Exercise directions:
Set the whole listing down again, word for word, with no pictures.

Data below:
--- START ---

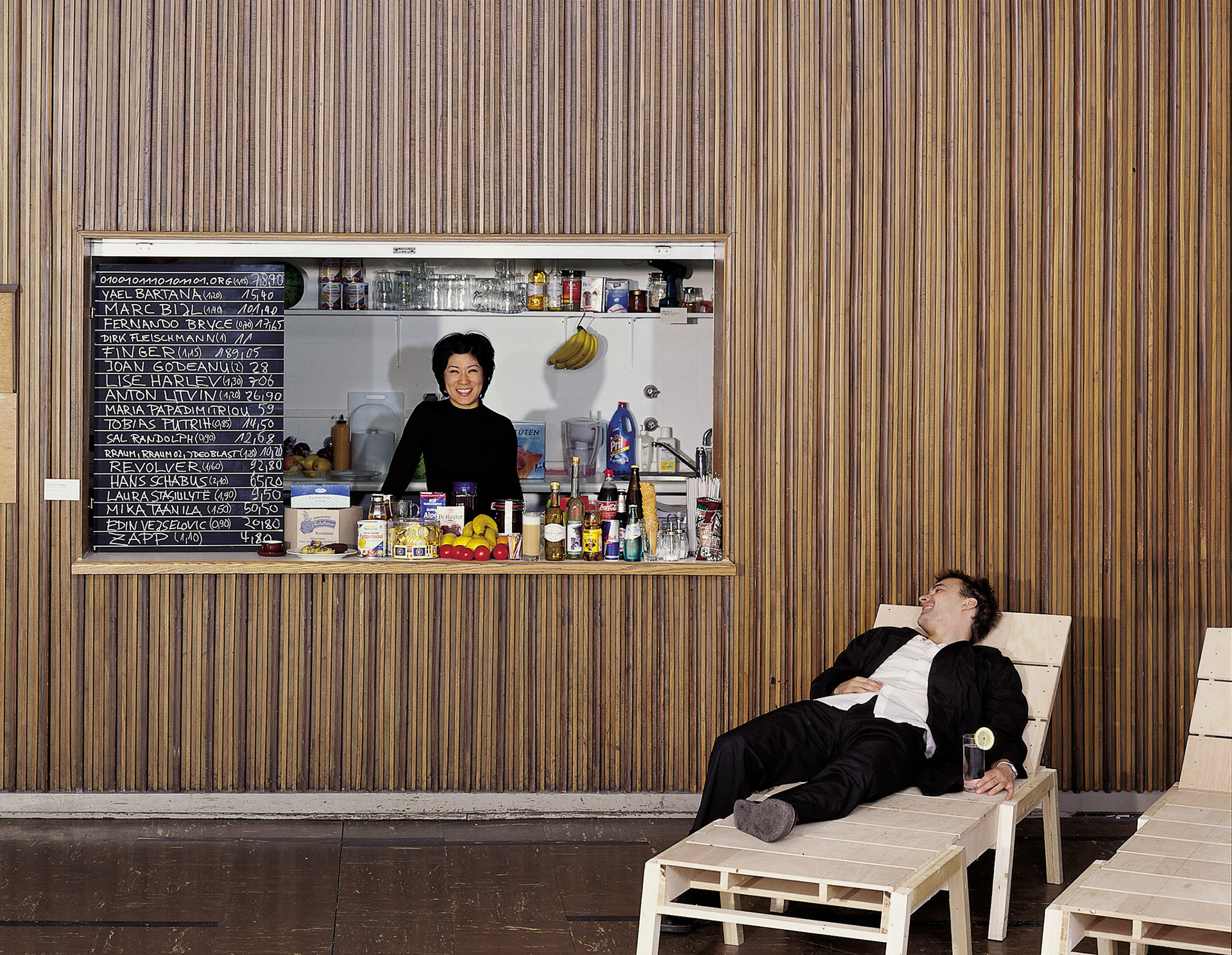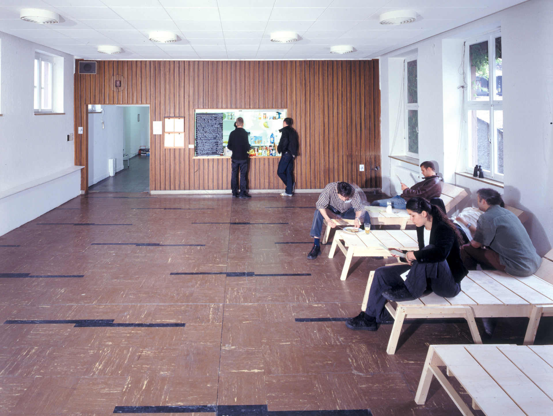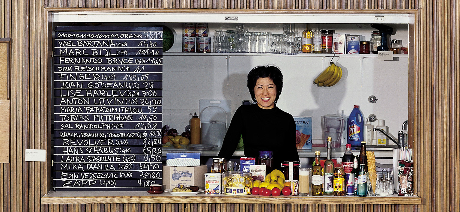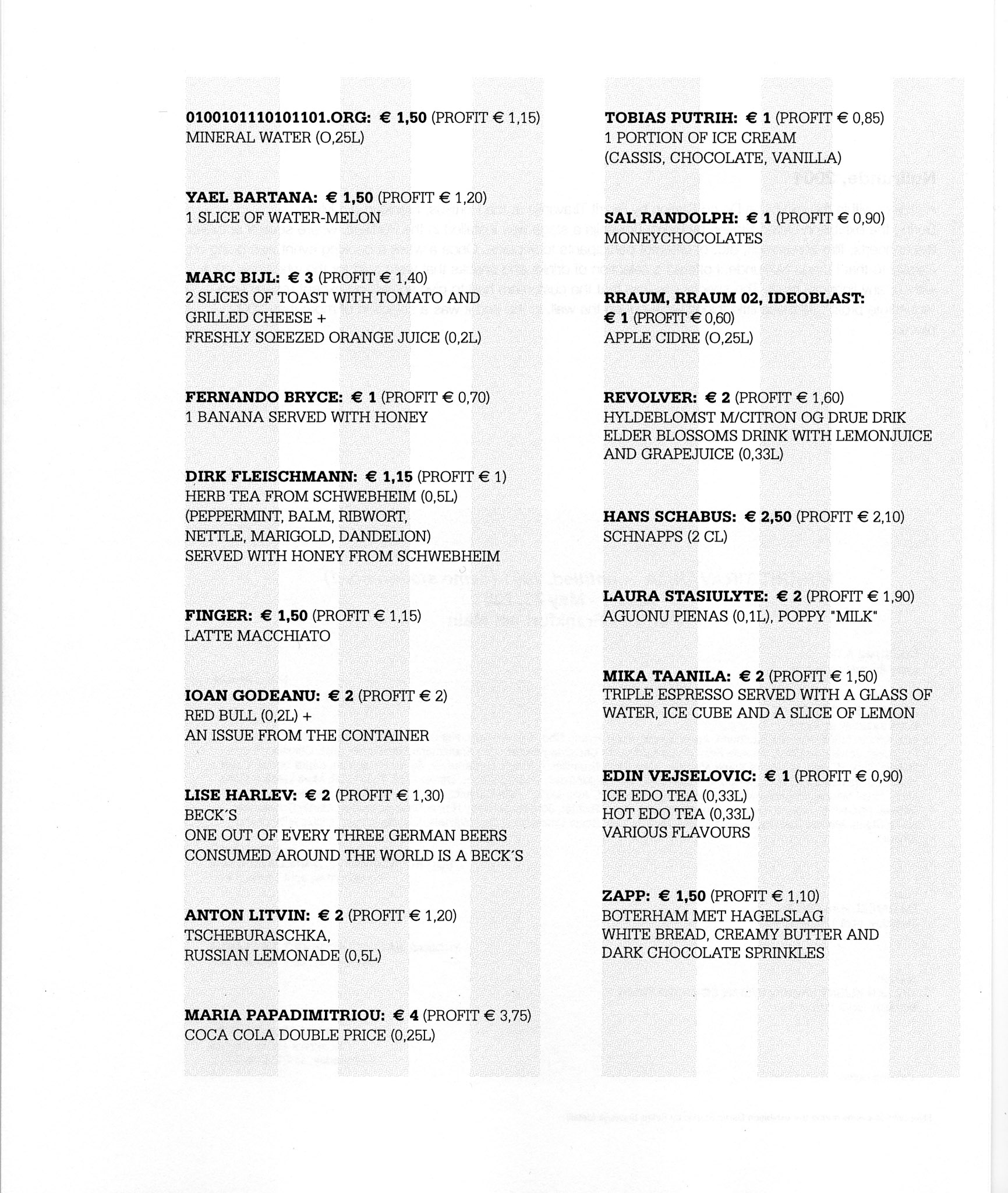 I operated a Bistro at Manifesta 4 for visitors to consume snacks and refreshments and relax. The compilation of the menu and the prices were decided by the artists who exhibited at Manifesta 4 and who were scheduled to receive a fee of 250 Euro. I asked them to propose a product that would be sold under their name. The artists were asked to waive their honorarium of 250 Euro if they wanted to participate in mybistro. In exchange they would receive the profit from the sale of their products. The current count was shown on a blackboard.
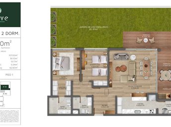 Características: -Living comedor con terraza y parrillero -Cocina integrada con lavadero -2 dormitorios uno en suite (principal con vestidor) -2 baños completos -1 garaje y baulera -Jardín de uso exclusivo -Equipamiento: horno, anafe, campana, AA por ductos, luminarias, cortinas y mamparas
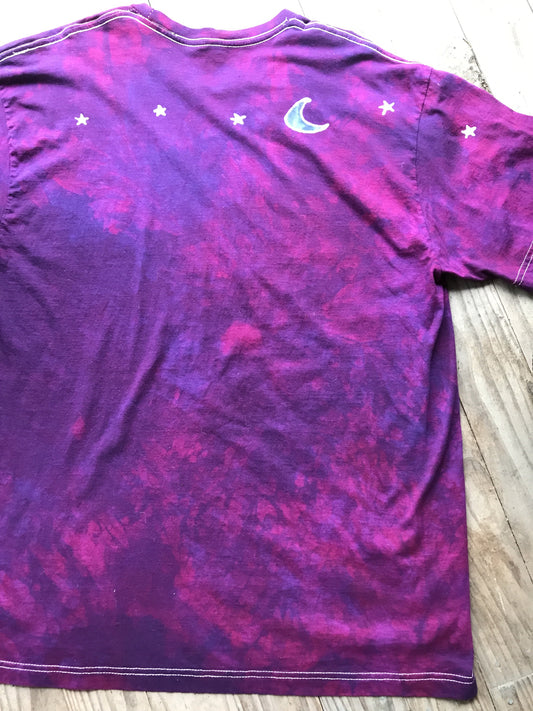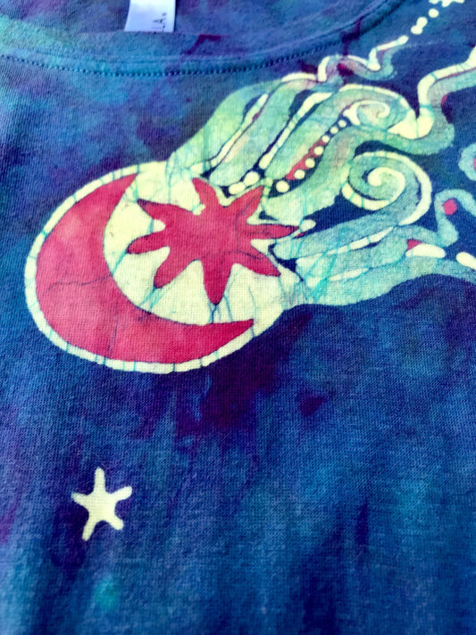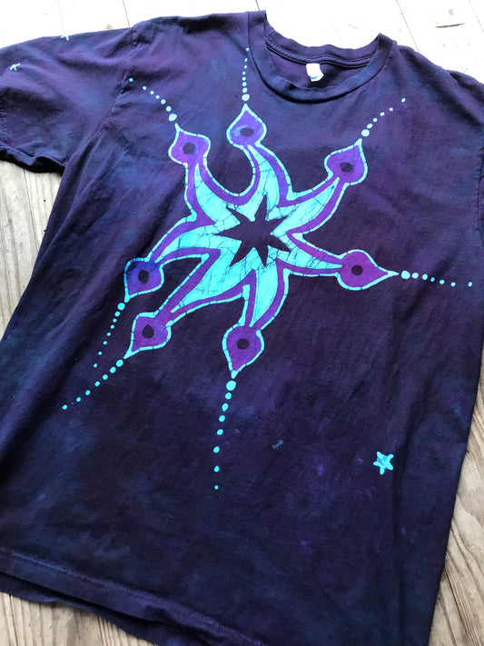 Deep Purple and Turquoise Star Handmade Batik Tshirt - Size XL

--- END ---

Exercise output:
 I operated a Bistro at Manifesta 4 for visitors to consume snacks and refreshments and relax. The compilation of the menu and the prices were decided by the artists who exhibited at Manifesta 4 and who were scheduled to receive a fee of 250 Euro. I asked them to propose a product that would be sold under their name. The artists were asked to waive their honorarium of 250 Euro if they wanted to participate in mybistro. In exchange they would receive the profit from the sale of their products. The current count was shown on a blackboard.
 Características: -Living comedor con terraza y parrillero -Cocina integrada con lavadero -2 dormitorios uno en suite (principal con vestidor) -2 baños completos -1 garaje y baulera -Jardín de uso exclusivo -Equipamiento: horno, anafe, campana, AA por ductos, luminarias, cortinas y mamparas
 Deep Purple and Turquoise Star Handmade Batik Tshirt - Size XL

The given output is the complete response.